### TASK PROMPT
Begin at the line below that holds "These Come just" and end at the line that holds "新的EAX1挂靠次序:上海 – 宁波", transcribing each line exactly and skipping any picture.

Segment Start: SUPPLIED INFORMATION

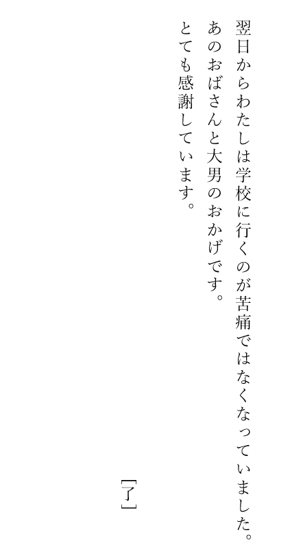 正直からラインが来て、高崎行きが延期になったという。理由はお父さんの血圧が上がったから。それが嘘だということはわたしでなくても誰にでも分かっていたことだけれど、とにかくOKと返事をしておいた。
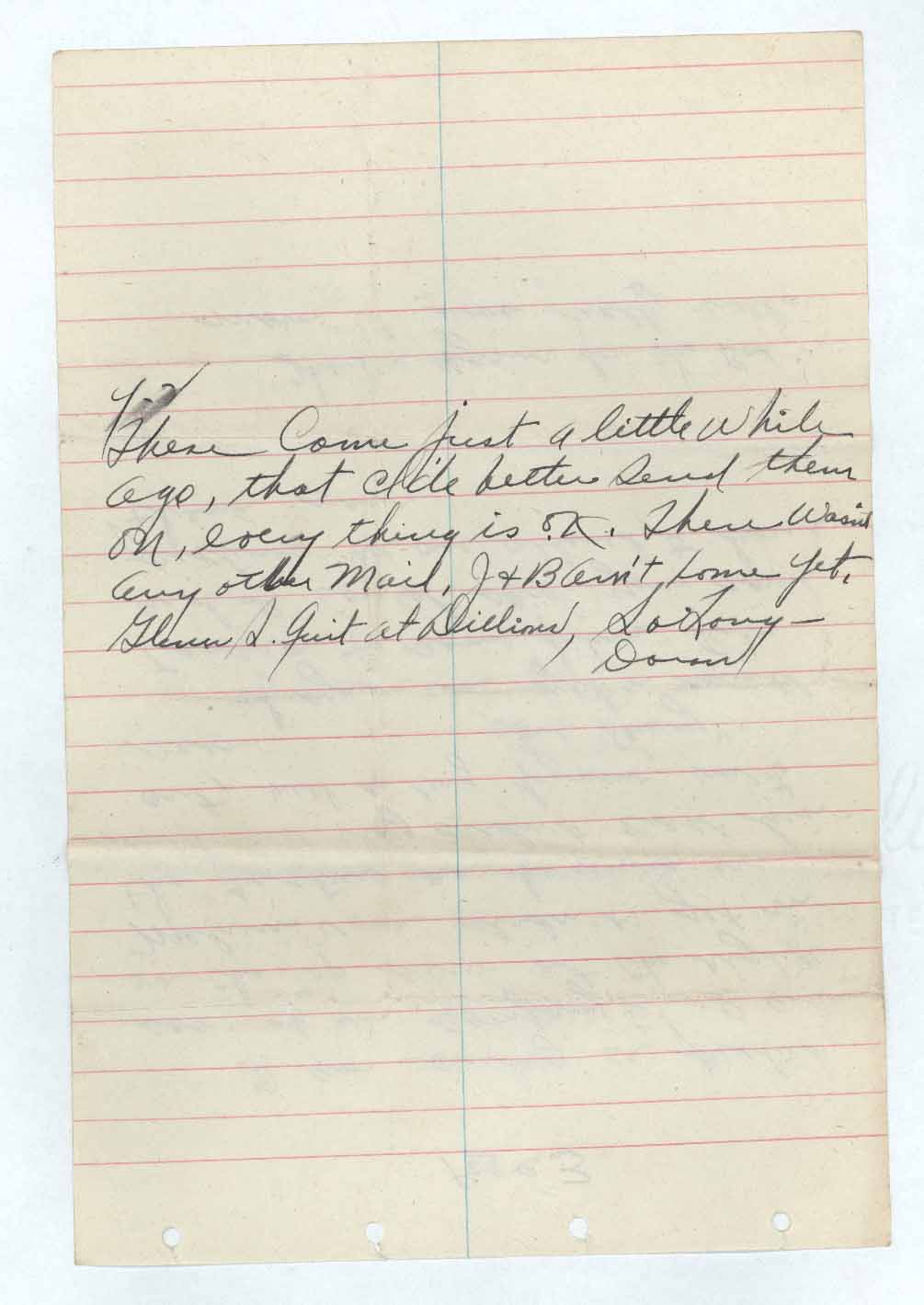 These Come just a little while ago, that I’d better send them on, everything is o.k. There wasn’t any other Mail. J & B aren’t home yet, Glenn S. quit at Dillions, So Love –
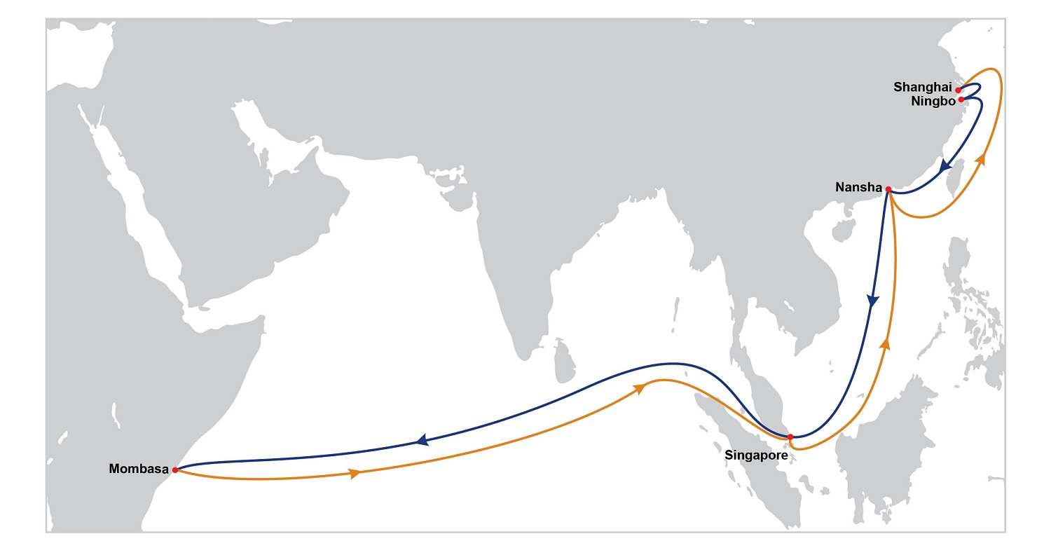 新的EAX1挂靠次序:上海 – 宁波 – 南沙 – 新加坡 – 蒙巴萨 – 新加坡 – 南沙 – 上海
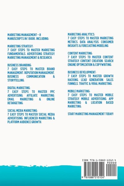 MARKETING MANAGEMENT - 8 MANUSCRIPTS IN 1 BOOK, INCLUDING: 1) MARKETING STRATEGY: 7 Easy Steps to Master Marketing Fundamentals, Advertising Strategy, Marketing Management & Research. 2) BUSINESS BRANDING: 7 Easy Steps to Master Brand Management, Reputation Management, Business Communication & Storytelling. 3) DIGITAL MARKETING: 7 Easy Steps to Master PPC Advertising, Affiliate Marketing, Email Marketing & Online Retargeting. 4) SOCIAL MEDIA MARKETING: 7 Easy Steps to Master Social Media Advertising, Influencer Marketing & Platform Audience Growth. 5) MARKETING ANALYTICS: 7 Easy Steps to Master Marketing Metrics, Data Analysis, Consumer Insights & Forecasting Modeling. 6) CONTENT MARKETING: 7 Easy Steps to Master Content Strategy, Content Creation, Search Engine Optimization & Copywriting. 7) BUSINESS DEVELOPMENT: 7 Easy Steps to Master Growth Hacking, Lead Generation, Sales Funnels, Traffic & Viral Marketing. 8) MOBILE MARKETING: 7 Easy Steps to Master Mobile Strategy, Mobile Advertising, App Marketing & Location Based Marketing. START MARKETING MANAGEMENT TODAY!
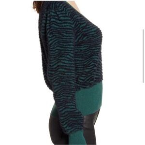 ASTR the label Hunter Green and Black Fuzzy Zebra Print Sweater
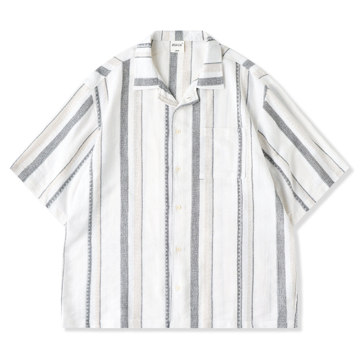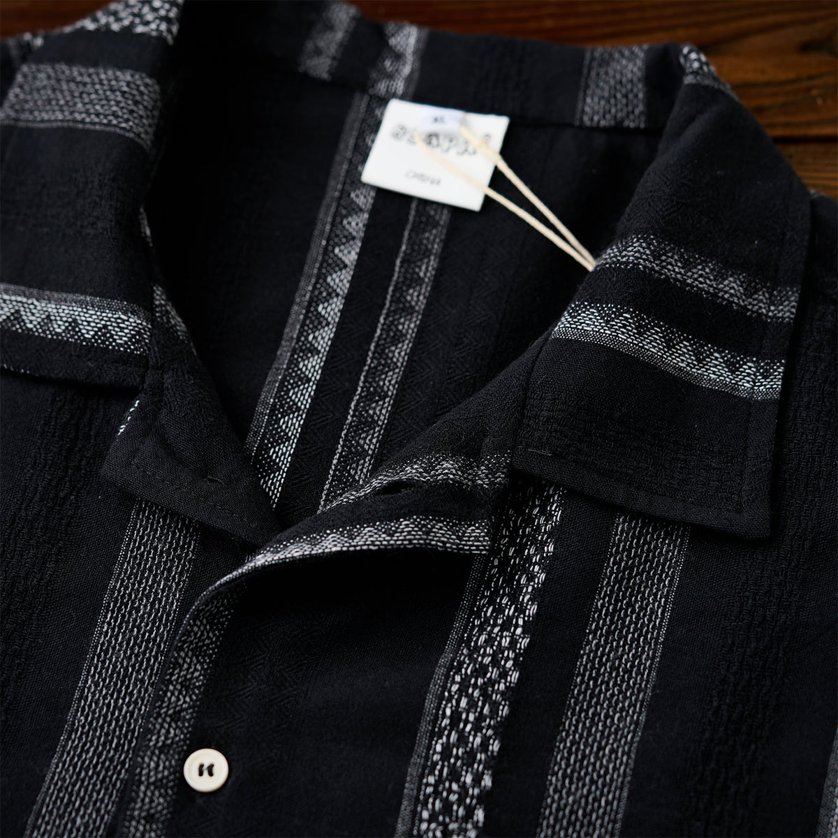 【予約】紅白ヒモ付き 「Karaku」刺繡ロゴ 先染めストライプ長袖シャツ
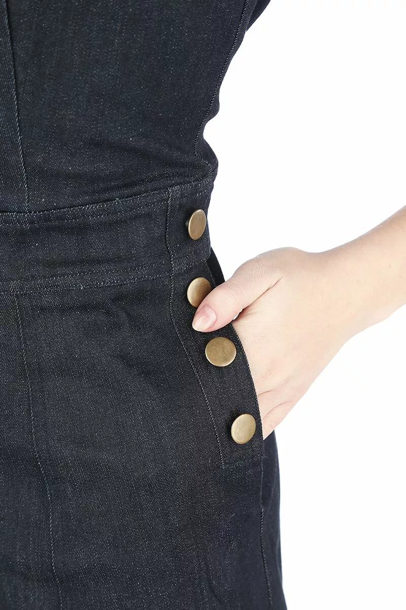 Deze coole “Jeans Jumpsuit” van Voodoo Vixen heeft een bijzonder ontwerp en geeft jou de perfecte look, waardoor je er zeker van kunt zijn dat alle ogen op jou zijn gericht. De jumpsuit heeft verstelbare banden en decoratieve knopen op de zijkanten. Het rekbare materiaal zorgt ervoor dat het kledingstuk heel comfortabel zit.

Segment End: SUPPLIED INFORMATION

### SOLUTION TO THIS PROBLEM
 These Come just a little while ago, that I’d better send them on, everything is o.k. There wasn’t any other Mail. J & B aren’t home yet, Glenn S. quit at Dillions, So Love –
 新的EAX1挂靠次序:上海 – 宁波 – 南沙 – 新加坡 – 蒙巴萨 – 新加坡 – 南沙 – 上海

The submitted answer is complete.